Mass spectrometry has become a valuable tool for biologists and others in biotechnological fields. It has been employed to determine gene damage from environmental causes, identify structures of biomolecules, such as carbohydrates, nucleic acids, and steroids, sequence biopolymers such as proteins and oligosaccharides, determine how drugs are used by organisms, identify and quantify compounds of complex organic mixtures, and perform ultrasensitive multielement inorganic analyses.23 Combining the power of mass spectrometry with acoustic levitation provides a new analytical approach to handling and analyzing small biological samples without loss of analyte to the walls during sample preparation and handling. In this report, we investigate in situ mass spectrometric analysis of acoustically levitated droplets. We use pulsed corona discharge along with time-resolved UV laser desorption and ion extraction to produce and extract ions from the levitator without disrupting the droplet.
The single-axis acoustic levitator used for these experiments has been described previously24 and implements the design principles outlined by Xie et al.25,26 Briefly, the acoustic levitator consists of a single oscillating disk (sound wave emitter) and a concave reflector. Between the emitter and reflector a standing sound wave is formed. Located below the node of this wave is a region of high pressure capable of supporting a droplet. The emitter consists of a flat aluminum disk with a radius of 15.9 mm and is driven at 20 kHz with an acoustic transducer (Misonix, Farmingdale, NY). The acoustic reflector was constructed in-house from aluminum and has a spherical radius of 33.5 mm. The vertical spacing between the emitter and reflector is adjusted using a micrometer screw. The levitation force is tuned by adjusting the sound pressure level through the changing transducer input voltage or by adjusting the emitter–reflector spacing. The emitter–reflector spacing is maintained near 28 mm so that three nodes exist between the emitter and the reflector with the drop being levitated at the center node. The acoustic levitator was mounted to a XYZ translation stage to allow proper positioning of the levitated droplet/levitator relative to the mass spectrometer inlet nozzle.
A schematic diagram of the instrumental setup employed is illustrated in Figure 1. The system consists of the levitator for containerless sample confinement, a corona ion source for droplet charging, ring electrodes to manipulate the electric fields surrounding the droplet, and a laser for sample desorption/ion generation. The levitator is positioned such that it will levitate the sample in the plane of the nozzle and 6 mm to the right or left of the nozzle entrance. This orthogonal geometry is adopted to facilitate the laser alignment for illuminating the area of the droplet closest to the MS nozzle. Two sets of ring electrodes with a 10-mm spacing are centered on the droplet. One set is parallel to the nozzle and the other is perpendicular to the nozzle. The ring electrodes are constructed from 26 AWG PVC hook-up wire with the PVC insulation removed. The electrodes are formed into 6-mm-diameter loops by bending the wire around a cylindrical mandrel. A corona discharge needle (1.5-mm-diameter stainless steel rod, sharpened and polished to a point) is placed on axis with the droplet and perpendicular to the nozzle. The corona needle is housed in a 6-mm-diameter conducting cylinder, which extends 3 mm past the tip of the needle. The entire corona assembly is recessed 3 mm from the ring electrode pair perpendicular to the nozzle. The ring electrode between the droplet and the mass spectrometer nozzle acts as an ion gating electrode (gate ring electrode, Figure 1) while the other three ring electrodes shield the droplet from external electric fields including those due to the generation of the corona (guard ring electrodes, Figure 1).
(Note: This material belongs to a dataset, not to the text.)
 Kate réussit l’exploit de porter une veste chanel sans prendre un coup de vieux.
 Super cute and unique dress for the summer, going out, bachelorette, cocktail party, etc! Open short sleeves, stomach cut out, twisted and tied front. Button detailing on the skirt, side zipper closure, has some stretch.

A conducting cylinder, placed around the needle, assists in formation of a stable corona discharge and shields the droplet from the electric field due to the corona needle. The small surface area of the ring electrodes did not sufficiently distort or block the acoustic field and, thus, had no deleterious effect on our ability to levitate the droplet.
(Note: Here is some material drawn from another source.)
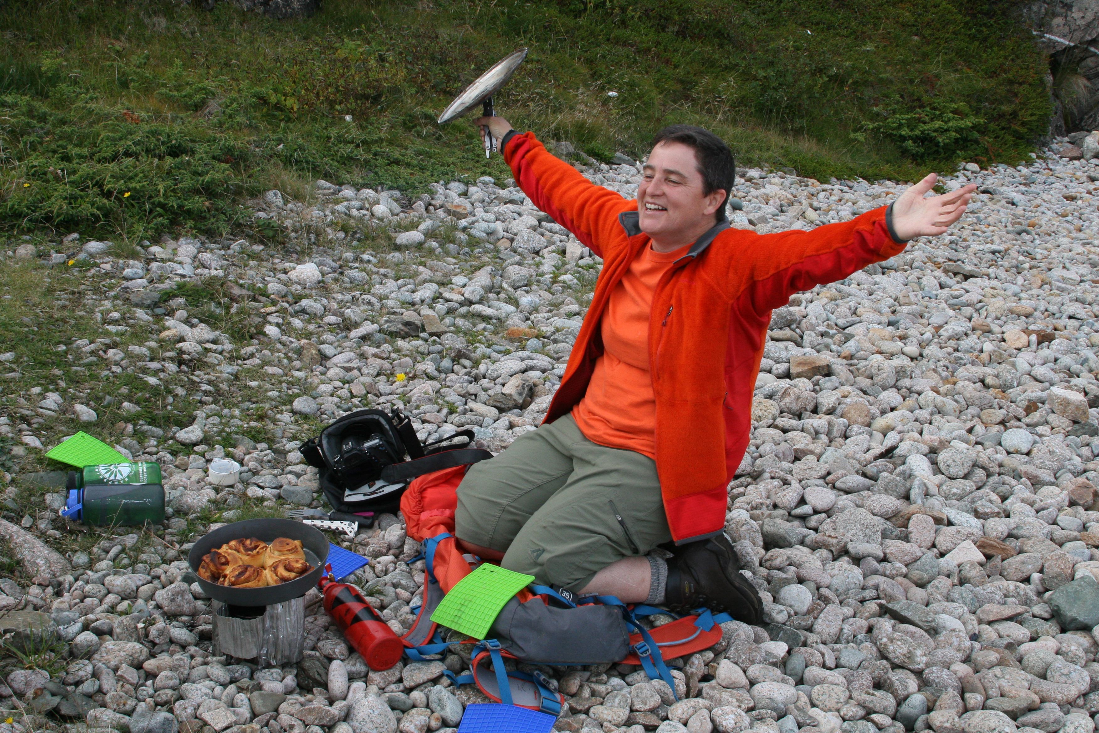 After twelve minutes of carefully keeping the twiggy fire burning, it was time for the big reveal…TADA…WAHOO…Joy oh Joy….Buns on the Beach!

An externally triggered 337-nm laser (5-ns pulse, NL100 nitrogen laser, Stanford Research Systems Inc., Sunnyvale, CA) was used for laser desorption from the levitated droplet. Light from the laser was focused to a 230-μm × 115-μm rectangular spot on the surface of the droplet closest to the MS inlet with a spherical fused-silica lens (2.54-cm diameter, 50-mm focal distance, Edmund Optics, Barrington, NJ). The laser output power was adjusted to 20 μJ using the high-voltage potentiometer on the laser and an adjustable iris placed in the laser beam path prior to the lens.
Mass spectral analysis was performed using an ESI-TOF instrument (Mariner, Applied Biosystems, Foster City, CA). The inlet nozzle of the instrument was modified with a stainless steel extension tube (5 cm long, 2 mm i.d.) to facilitate the levitator positioning and laser beam alignment with the levitated droplet. The voltages applied to the mass spectrometer nozzle, ring electrodes, and corona needle are all controlled independently, with the ability to pulse the potential on the corona needle and gate ring electrode between two independent values on a time scale of 5 μs. The ion gate ring electrode is pulsed between 100 and 3000 V using a high-voltage pulser (PVX-4140, Directed Energy Inc., Fort Collins, CO) in conjunction with two high-voltage power supplies (model PS350, Stanford Research Systems Inc.) set at 100 and 3000 V, respectively. The corona needle potential is switched between 6 kV (Series 205B high voltage supply, Bertan) and floating using a high-voltage relay (model W102VX-50, Struthers-Dunn). The guard ring electrode potentials were held at a constant 3000 V and the cylindrical corona shield at a constant 3500 V by a third Stanford Research high-voltage power supply and the application of a voltage divider. The mass spectrometer nozzle was kept at a constant 65 V. Pulsing of the ion gate ring, corona needle, and the firing of the laser were controlled with a National Instruments analog output board (PCI-6173) and an in-house LabView program.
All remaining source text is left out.